А в истории говорилось, что хозяйкой «Табард-Инн» была Мэри Уиллоуби Роджерс, назвавшая бар в честь одноименной таверны из «Кентерберийских рассказов» Чосера. Лилли начала ходить туда, потому что там никто не приставал к женщинам, в отличие от обычных пабов, где легко можно было нарваться на сальности. Во время Второй мировой в баре открылась гостиница для женщин-волонтеров, служащих во флоте. Лилли нравилась эта история, темное дерево, приглушенный свет и маленькие цветочки цвета индиго, вышитые на стульях с мягкой обивкой.

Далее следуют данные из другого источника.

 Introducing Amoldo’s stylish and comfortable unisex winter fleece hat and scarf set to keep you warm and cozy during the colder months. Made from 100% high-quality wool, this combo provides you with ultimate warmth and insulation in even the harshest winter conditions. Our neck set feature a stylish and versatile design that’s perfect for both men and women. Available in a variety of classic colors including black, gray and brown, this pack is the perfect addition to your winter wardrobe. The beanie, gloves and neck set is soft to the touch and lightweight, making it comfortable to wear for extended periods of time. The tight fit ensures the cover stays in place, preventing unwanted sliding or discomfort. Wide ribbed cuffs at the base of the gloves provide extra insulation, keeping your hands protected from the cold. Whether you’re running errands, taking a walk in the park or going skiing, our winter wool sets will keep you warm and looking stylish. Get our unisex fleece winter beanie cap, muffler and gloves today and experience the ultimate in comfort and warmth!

Когда она в прошлый раз была здесь, она поссорилась с женщиной, с которой а потом решила, что та слишком навязчива, слишком прилипчива и слишком много хочет. Прежде чем хлопнуть дверью, та женщина сказала: «Это не я прилипчивая, Лилли – это ты холодная, как Северный Ледовитый океан». Если бы только та женщина сумела разглядеть, в чем нуждалась Лилли; а ей хотелось, ‹…› она была как плодовая мошка, которую никак не получается прогнать. ‹…› Лилли не видела в этом никакого смысла.
Сегодня в баре были четыре женщины, двое мужчин и барменша лет двадцати на вид. Лилли обрадовалась, увидев молодое лицо. Ее ровесники, казалось, старели с каждым днем. Морщинки вокруг ее глаз с каждым днем залегали глубже, веки обрастали складками. Она села за бар, стараясь не смотреть в зеркало за спиной барменши.

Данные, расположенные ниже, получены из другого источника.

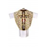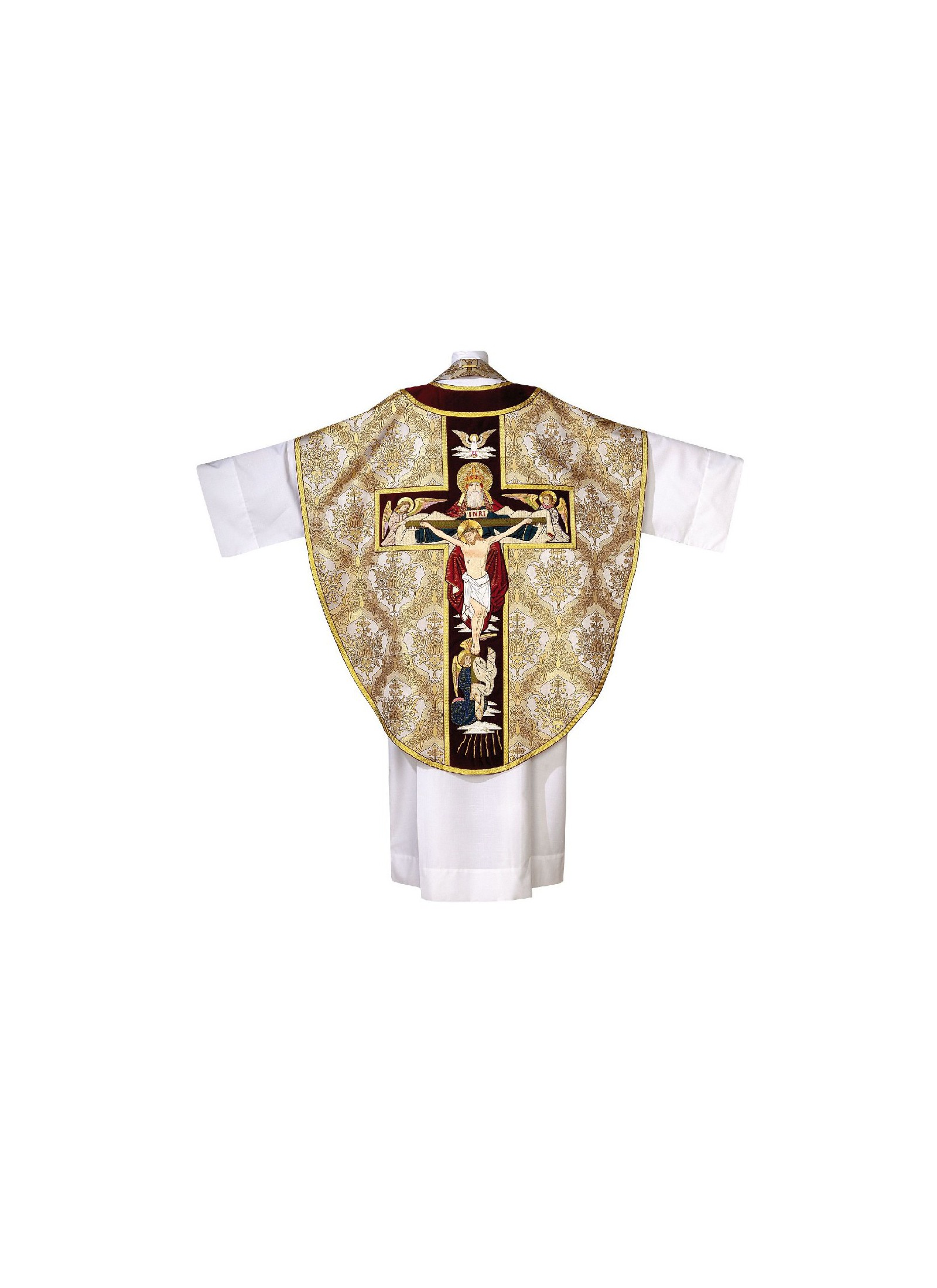 "God the Father" gothic vestment, made in an exclusive historical brocade with an authentic design, originating from the end of the 19th century, exquisitely and fully hand-embroidered on a burgundy velvet orphrey. The chasuble is lined and has a gothic cut with a 55 inch width and 47 inch length and includes an inner stole, burse and veil.

– Скотч, пожалуйста. Чистый. Двойной.
Тут, по крайней мере, можно было выпить, не опасаясь, что какой-нибудь алкаш тебя облапает, полезет целоваться или предпримет жалкую попытку подкатить. Этот город кишел совершенно неинтересными мужчинами; им было нечего ей предложить, у них были лишь костюмы, безвкусные ботинки и галстуки.
На табурет через один присела женщина в брючном костюме цвета алебастра, и Лилли метнула на нее гневный взгляд.

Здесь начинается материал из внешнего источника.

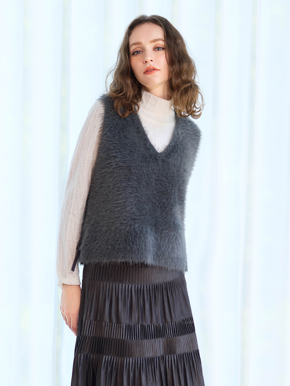輕盈保暖營造溫柔層次感, 微鬆版型搭配V領剪裁, 修飾臉型延伸頸部線條, 讓整體造型更顯俐落柔和。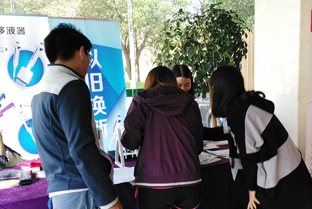 2016年3月28日—3月31日,2016年3月28日—3月31日,寶予德(中國)攜手代理商在武漢四所著名高校舉辦“普惠科技,大行德廣”魅力校園行的第二站。寶予德一直致力于與終端用戶的互動,動員各區域走進高校,聆聽用戶心聲,為用戶答疑解難。活動現場寶予德工作人員講解移液器原理和操作注意事項,還有線下線上有獎互動游戲,吸引了眾多科研一線的可愛同學們參與,現場熱鬧非凡。

Но незнакомка не пошевелилась, и Лилли повернулась, чтобы сказать о своем желании вслух, но засмотрелась на суровую красоту этой женщины. Той было далеко за шестьдесят, возможно, даже ближе к семидесяти. Серебристые волосы до плеч мягкими волнами обрамляли лицо. Глаза у нее были голубые, того оттенка, что выцветает с возрастом. Даже отвернувшись, Лилли видела ее отражение в зеркале. Незнакомка заметила, что та смотрит на нее, но даже не дрогнула.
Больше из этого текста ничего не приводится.